▶ Material shown

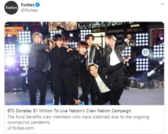 미국 경제 전문지 '포브스'도 방탄소년단의 기부 소식을 집중 조명했다. "방탄소년단 콘서트에서 일할 예정이던 스태프 70여 명이 현재까지 지원을 받았다"고 알렸다.
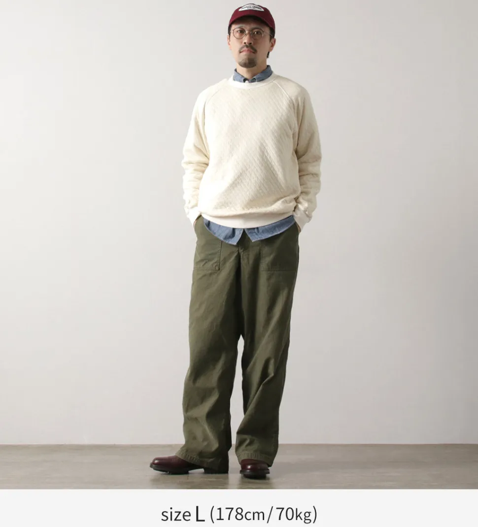 The pigment-dyeing process lends the fabric a distinctive vintage appearance. Over time, as the fabric wears and fades, it develops a unique character reminiscent of classic vintage garments.
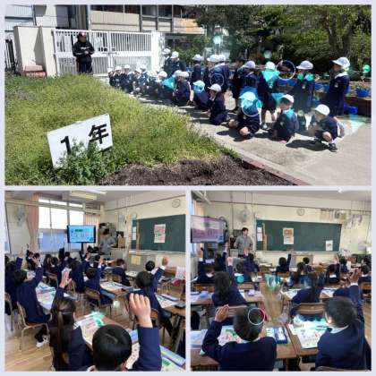 1組は外に出て、野菜や花を育てる学習園や、5年生が稲を育てる田んぼなどを実際に見て説明してもらっていました。まだ学校には知らない場所がたくさんあると思うので、少しずつ覚えていってくださいね。
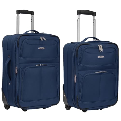 ARIANA® Lightweight Hand Luggage Cabin Size Trolley Suitcase Carry On Travel Bag (Navy, 2 Pcs Set (18" + 21"))
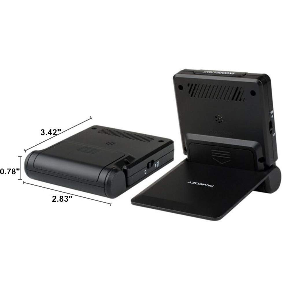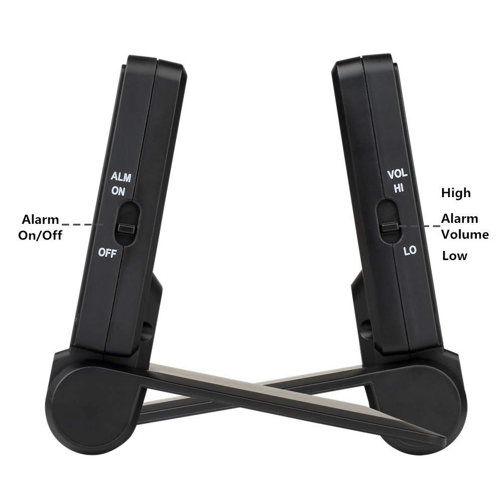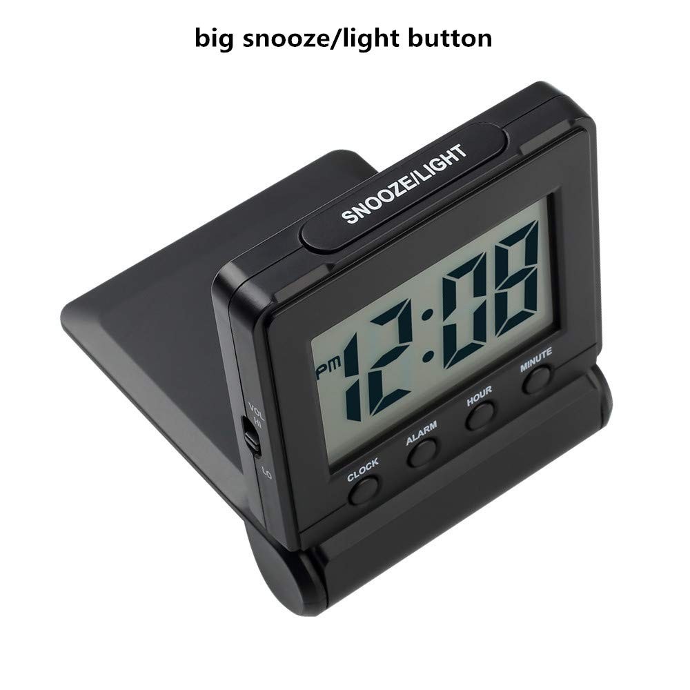 Simple Folding Travel Alarm Clock COMPACT LIGHTWEIGHT This clock has a flip-out stand that can fold over to make a cover to protect the screen and your settings when packed.It is compact and lightweight.Perfect for travelling and can be used every day at home too EASY-TO-READ BOLD NUMBERS Bold numbers on the clear screen make it easier to see the time even across the room ALARM VOLUME HIGHT/LOW OPTIONS The alarm is reasonably loud without being shocking.It starts to beep slowly and then gets faster for 2 minutes to gently wake you up.Moreover the alarm volume has high and low options to meet your need EASY TO STOP THE ALARM No more fumbling.Just press any of the four buttons on front to stop the alarm for fast access especially when you are half awake.And it is very easy to set the time and alarm,it is just simple and clear SNOOZE BACKLIGHT Big light button on the top can be easily reached out and touched to light up the screen for a few seconds to see the time in dark.The welcome snooze function offers you another 5 minutes sleep each time it is initiated Product Specification Size:2.83*3.42*0.78in Weight:0.15lb Requires 2 AAA battery(NOT INCLUDED) Package include 1 x clock 1 x instruction manual Warranty Money back guaranteed with no question asked if not satisfied with the product COMPACT LIGHTWEIGHT-The flip-out stand can fold over to make a cover to protect the screen and your settings when packed.This folding clock is compact and lightweight,perfect for travelling as well as for everyday use at home.It only requires 2 AAA battery(not included) with low power consumption EASY TO SET UP-It is very easy to set up without tricky operations.The buttons dont beep when you press them while setting.Bold numbers on the clear screen make it easier to see the time even across the room.User friendly for children and seniors ALARM VOLUME HIGH/LOW OPTIONS-The alarm is reasonably loud without being shocking.It starts to beep slowly and then gets faster for 2 minutes to gently wake you up.Moreover the alarm volume has high and low options to meet your need EASY TO STOP ALARM-No more fumbling.Just press any of the four buttons on front to stop the alarm for fast access especially when you are half awake.And it is very easy to set the time and alarm which is more accurate than analog alarm clock SNOOZE BACKLIGHT-Big light button on the top can be easily reached out and touched to light up the screen for 5 seconds to see the time in dark.The welcome snooze function can offer you another 5 minutes sleep each time it is initiated
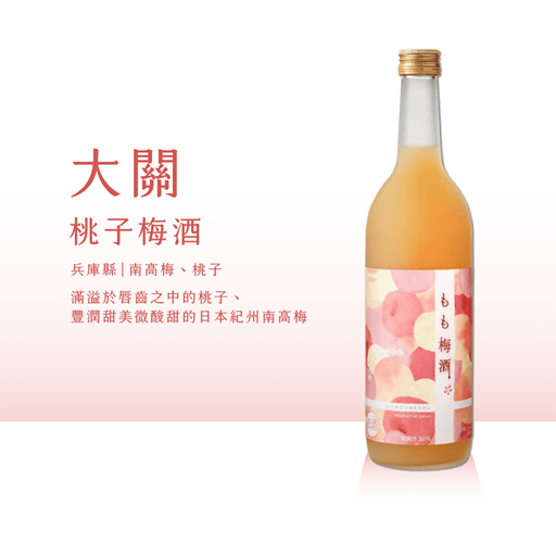 簡介: 大關桃子梅酒選用和歌山縣著名的南高梅和熊野的優質名水精心釀造而成,並特別添加了30%同樣來自歌山縣生產的桃子汁。其果香濃郁,口感溫潤,桃子的甜香與梅子的柔和酸味完美交融。

▶ Work to complete
Transcribe exactly each line of the records from the start up to and including the one with "ARIANA® Lightweight Hand", and leave out every picture.

▶ Answer box
 미국 경제 전문지 '포브스'도 방탄소년단의 기부 소식을 집중 조명했다. "방탄소년단 콘서트에서 일할 예정이던 스태프 70여 명이 현재까지 지원을 받았다"고 알렸다.
 The pigment-dyeing process lends the fabric a distinctive vintage appearance. Over time, as the fabric wears and fades, it develops a unique character reminiscent of classic vintage garments.
 1組は外に出て、野菜や花を育てる学習園や、5年生が稲を育てる田んぼなどを実際に見て説明してもらっていました。まだ学校には知らない場所がたくさんあると思うので、少しずつ覚えていってくださいね。
 ARIANA® Lightweight Hand Luggage Cabin Size Trolley Suitcase Carry On Travel Bag (Navy, 2 Pcs Set (18" + 21"))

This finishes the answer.